1934年の大晦日から1935年元旦までの二十四時間の間に起きた、
失踪した安南皇帝と彼が所持するダイヤの行方をめぐる大騒動。
のちに、荒俣宏
『帝都物語』にも大きな影響を与えた
という、都市小説、ナンセンス・ミステリの怪作です。
海野弘氏は、作中のヤクザの市街戦は、1925年に 起きた
〈鶴見騒擾事件〉がモデルだと推定し、以下のような解釈を
示しています。
〈(十蘭は)安南帝のダイヤ事件を表層に張りめぐらし、その下に、1925年の
鶴見事件を埋めこんだ。

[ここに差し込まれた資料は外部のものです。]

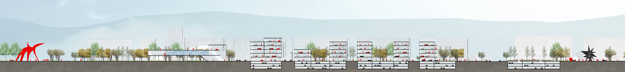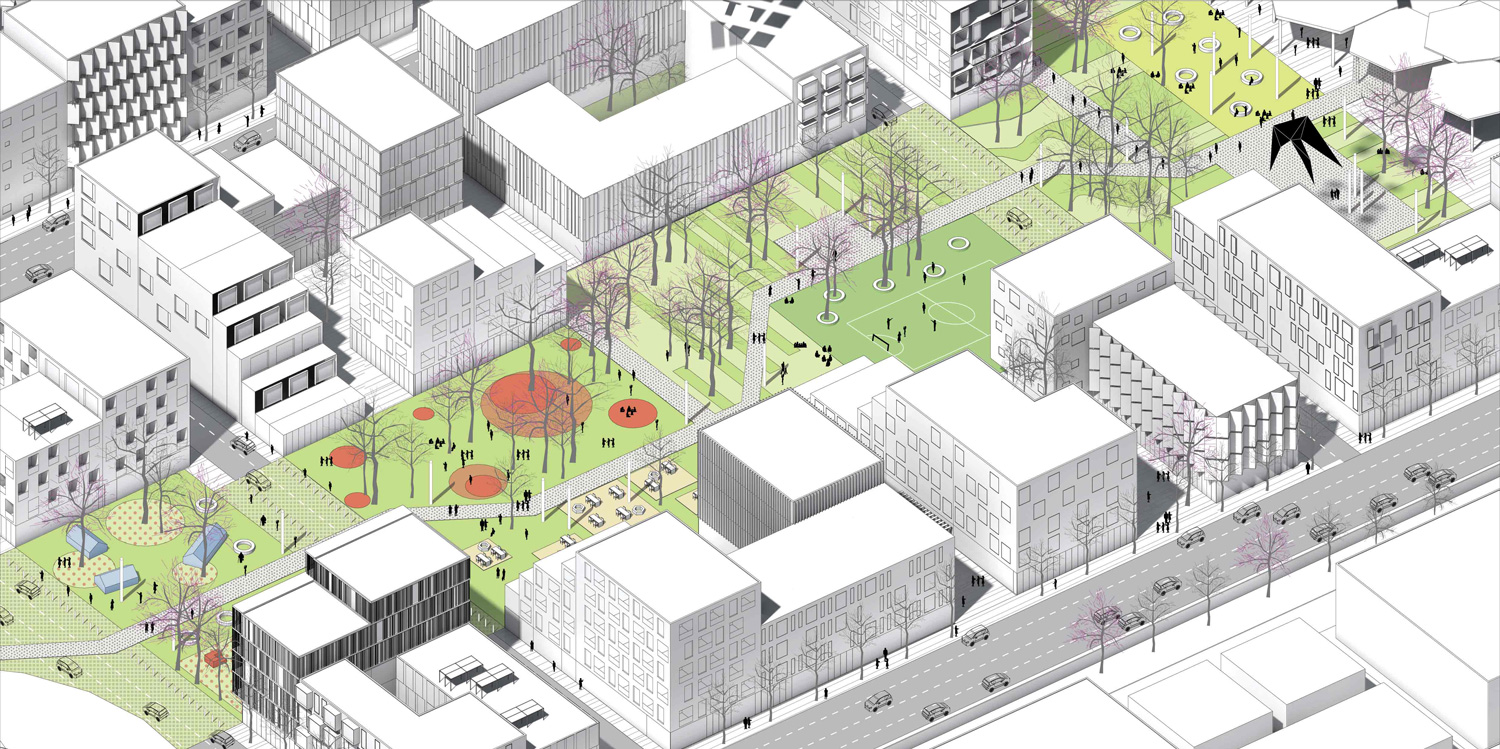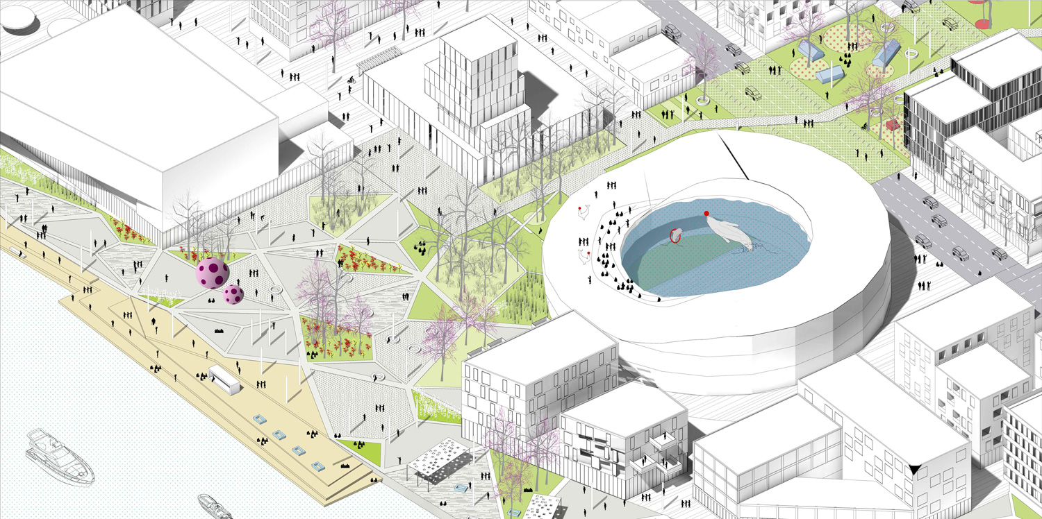 The concept of «DELTA + a dynamic city» is based on the ambition to think the city by the public space. The public space carries a daily introduction to common life and induced spaces that shape a common identity. It is the success of these public spaces which will create a rich running between buildings. This public space is developed by an urban path which becomes the support of different activities. This diversity offers a flexible use of temporality and corresponding to people of all ages. The mixity of different type of public spaces create a new way to appreciate the city. People of all ages meet, there are no zoning but a heterogeneity unified by the pathway. It is the existing, and the new, environment that will draw the future buildings. This concept provides flexibility in the use and respect of the context. The ambition of DELTA+ is to create consistency between the existing way of living and the new development way by reinterpreting the blocs. The idea is to maintain an identity of the city while creating support corresponding to contemporary expectations. In order to make a homogeneous base, it’s important to create a connection with the existing. The implementation of the project takes into account the directions already set up in the city to create a urban continuity, an echo between interventions. Moreover, different scale of mobility are necessary for the city of tomorrow by allowing everyone to adopt a means of transport adapted to their needs. Various entry and exits are provided on the site to properly serve the project. It’s also important to think about the vegetation in the city. But not only just like a basic ornamentation.
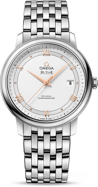 Коллекция Omega De Ville Prestige завоевала любовь поклонников бренда своим классическим элегантным дизайном. Входящие в нее модели отличаются чистотой линий, роскошной отделкой и вневременным дизайном. Эффектный белый циферблат с окошком указателя даты в положении «3 часа» защищен устойчивым к царапинам сапфировым стеклом. Корпус диаметром 39,5 мм из нержавеющей стали дополнен браслетом из нержавеющей стали. Основу этой модели составляет коаксиальный Калибр 2500.
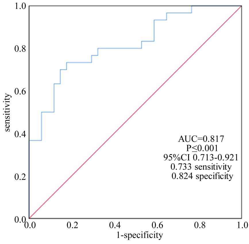 统计患者6月内发生重点事件或随访结束时复查的心脏超声和实验室检验指标,包括左心室射血分数(Left Ventricular ejection fraction, LVEF),E/e’,左心房直径(Left Atrium diameter, LAd),左心室直径(Left Ventricular diameter, LVd),右心室直径(Right Ventricular diameter, RVd),以及实验室检测指标URE、Cr、ALT、TC、ALB、TG、LDL-C、HDL-C、Lp (a)、HCY。按预后不良组和正常组进行对比分析,存在差异的因素包括LAd、RVd (表5)。将CDNF24 h和CDNF96 h与这些因素进行二元Logistic回归分析(采用向前逐步法),最终保留2个独立影响的变量分别是LAd和CDNF24 h (表6),以该回归模型进行ROC曲线分析,模型的AUC为0.817 (P < 0.01),代表该模型有良好的预后评价效能(图10)。
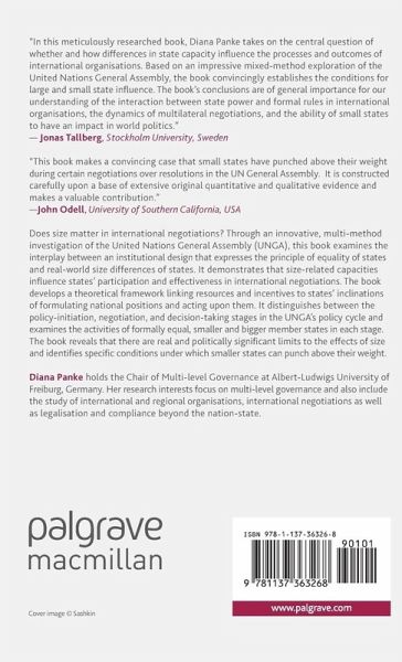 "In this meticulously researched book, Diana Panke takes on the central question of whether and how differences in state capacity influence the processes and outcomes of international organizations. Based on an impressive mixed-method exploration of the United Nations General Assembly, the book convincingly establishes the conditions for large and small state influence. The book's conclusions are of general importance for our understanding of the interaction between state power and formal rules in international organizations, the dynamics of multilateral negotiations, and the ability of small states to have an impact in world politics." - Jonas Tallberg, Stockholm University, Sweden
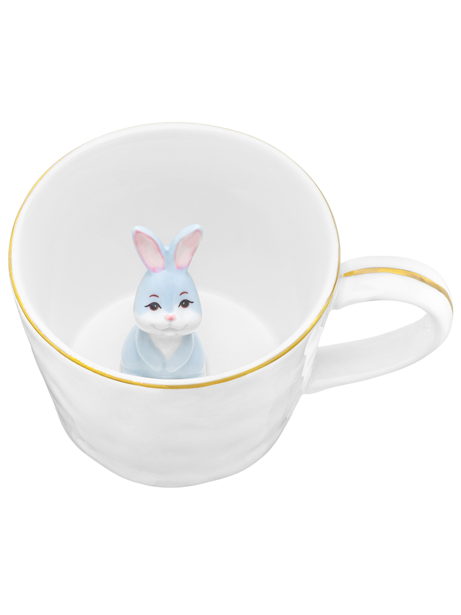 БЫЛО 701 руб! Кружка 300 мл 14*10*7,5 см "Любопытный кролик внутри кружки" белый с золотом, фарфор
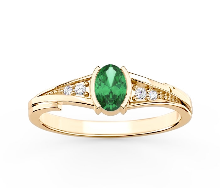 Pierścionek ze złota ze szmaragdem i diamentami JP-2705Z-R
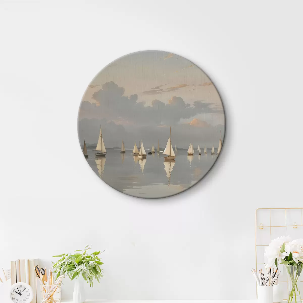 Quadri rotondi Una flotta di barche a vela bianche su uno specchio d'acqua calmo e riflettente al tramonto, con un cielo nuvoloso sullo sfondo r40615
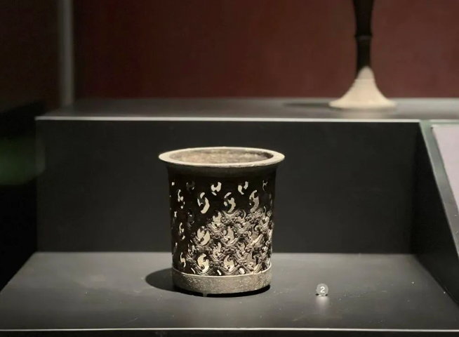 在湖北省博物馆“楚国八百年”展厅展出的湖北枣阳九连墩2号墓出土的铜熏杯。新华社记者 喻珮 摄
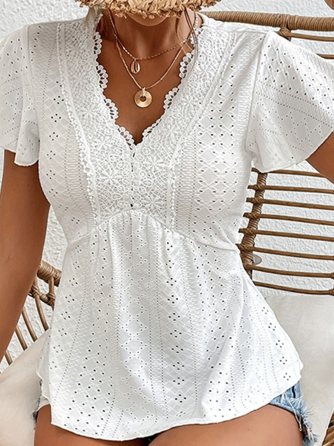 Eyelet Lace Detail V-Neck Short Sleeve Blouse
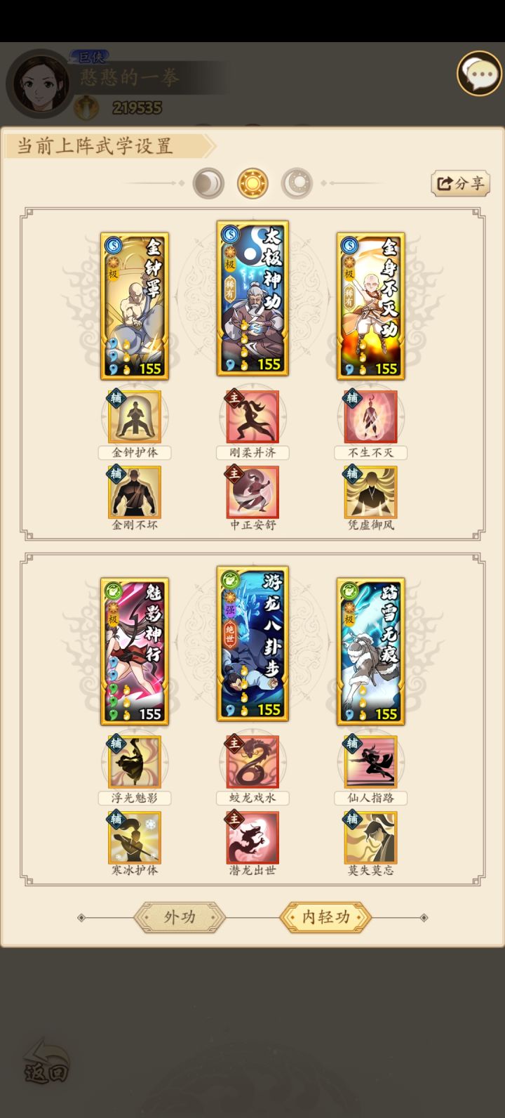 目前门派等锦衣卫开,抽了一套太极体系。想玩下先、后手套路。自配这套阵容目前被打爆了,感觉跟谁都是37开(我3),又不想不放弃。求大佬指点~#阳拳#无名江湖

それはヤクザと土建業とコンツェルン、そして政財界
全体がつながっている政治陰謀小説であった。
だが、さらにその下にもう一つの底があったのだ。それが二・二六事件下の、東京の
アンダーワールドの物語である、と私は想像する〉(
久生十蘭 『魔都』『十字街』解読)
武装した兇徒が皇帝を補禁し、その上、丸の内という特別の地域で、その武装した兇徒が
警視庁に機関銃で立ち向かっていること、それが二・二六事件の見立てであるというのです。
軍部による独裁が行われていた当時、こうした大胆不敵な執筆意図を持って
本作が書かれていたのであれば、久生十蘭とは、じつにおそるべき作家です。